■ Provided data:
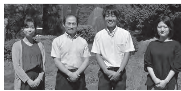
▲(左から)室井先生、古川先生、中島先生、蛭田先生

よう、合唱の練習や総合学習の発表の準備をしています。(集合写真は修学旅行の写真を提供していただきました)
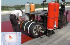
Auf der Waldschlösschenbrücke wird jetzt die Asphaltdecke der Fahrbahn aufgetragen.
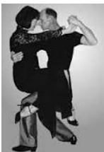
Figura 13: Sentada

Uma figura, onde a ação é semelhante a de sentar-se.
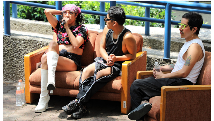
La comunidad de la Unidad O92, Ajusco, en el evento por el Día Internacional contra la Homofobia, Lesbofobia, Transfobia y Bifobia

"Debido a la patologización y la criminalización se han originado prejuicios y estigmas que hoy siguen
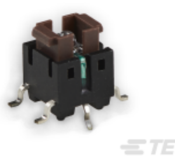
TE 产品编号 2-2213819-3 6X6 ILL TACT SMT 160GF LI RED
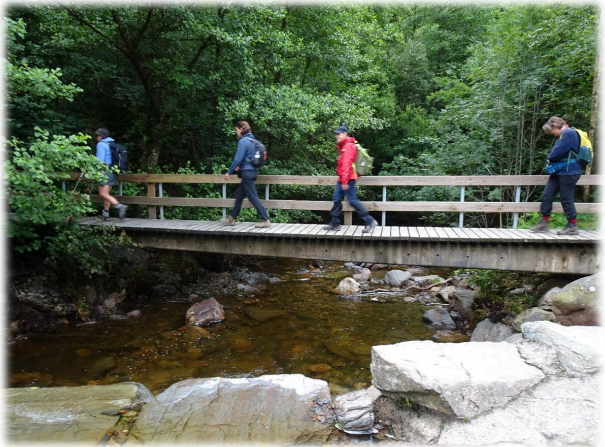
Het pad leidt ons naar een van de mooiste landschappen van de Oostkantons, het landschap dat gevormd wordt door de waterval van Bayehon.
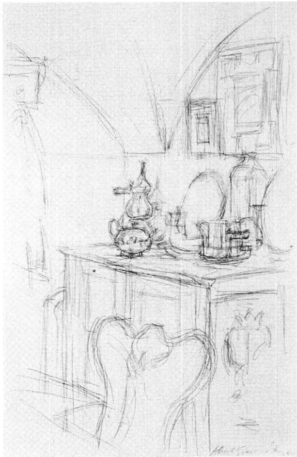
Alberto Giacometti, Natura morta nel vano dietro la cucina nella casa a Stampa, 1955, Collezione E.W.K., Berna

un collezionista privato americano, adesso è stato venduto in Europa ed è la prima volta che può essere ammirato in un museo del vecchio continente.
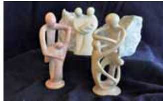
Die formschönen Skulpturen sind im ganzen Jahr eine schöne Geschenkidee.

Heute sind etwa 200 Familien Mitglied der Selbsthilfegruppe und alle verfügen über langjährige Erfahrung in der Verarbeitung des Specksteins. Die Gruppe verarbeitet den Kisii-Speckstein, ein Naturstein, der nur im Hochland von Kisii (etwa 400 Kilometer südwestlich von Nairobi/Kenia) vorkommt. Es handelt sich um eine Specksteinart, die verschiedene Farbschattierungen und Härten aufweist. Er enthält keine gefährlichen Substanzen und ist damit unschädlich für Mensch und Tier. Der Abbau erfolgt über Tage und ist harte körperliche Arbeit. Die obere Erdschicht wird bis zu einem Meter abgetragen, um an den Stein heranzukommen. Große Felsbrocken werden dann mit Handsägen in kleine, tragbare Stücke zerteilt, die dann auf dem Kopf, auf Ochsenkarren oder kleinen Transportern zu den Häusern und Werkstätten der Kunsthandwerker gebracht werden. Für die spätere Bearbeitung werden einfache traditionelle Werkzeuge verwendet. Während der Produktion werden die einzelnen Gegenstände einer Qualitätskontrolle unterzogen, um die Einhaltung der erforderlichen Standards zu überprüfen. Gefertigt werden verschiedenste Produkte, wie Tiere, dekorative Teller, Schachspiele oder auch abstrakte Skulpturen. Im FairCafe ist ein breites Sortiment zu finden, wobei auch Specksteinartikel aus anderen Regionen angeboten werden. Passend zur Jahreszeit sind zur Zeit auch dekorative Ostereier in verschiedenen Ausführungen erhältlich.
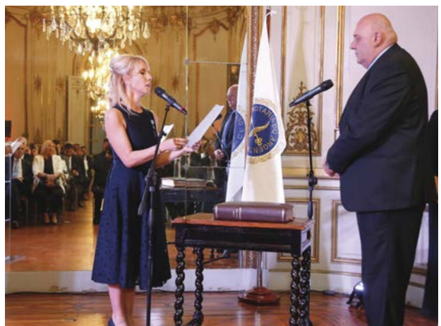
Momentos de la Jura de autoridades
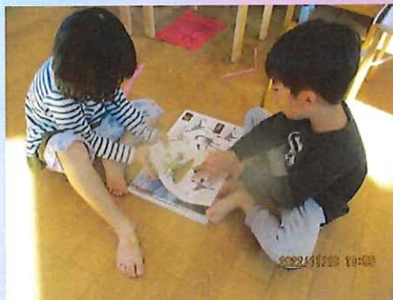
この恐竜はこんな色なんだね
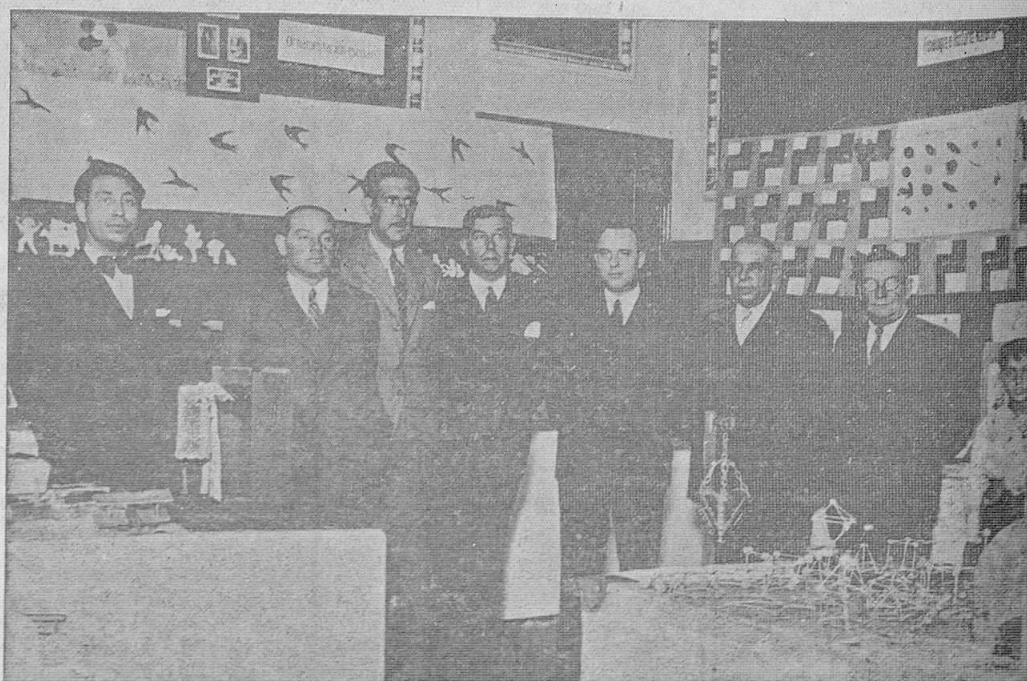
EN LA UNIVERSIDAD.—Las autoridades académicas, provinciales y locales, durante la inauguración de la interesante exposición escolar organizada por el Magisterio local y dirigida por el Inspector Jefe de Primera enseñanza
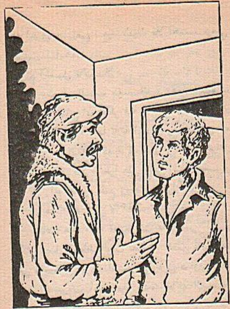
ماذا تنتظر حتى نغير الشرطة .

■ Exercise instructions:
Collect from the data above every line that includes "autoridades".

■ Written reply:
Momentos de la Jura de autoridades
EN LA UNIVERSIDAD.—Las autoridades académicas, provinciales y locales, durante la inauguración de la interesante exposición escolar organizada por el Magisterio local y dirigida por el Inspector Jefe de Primera enseñanza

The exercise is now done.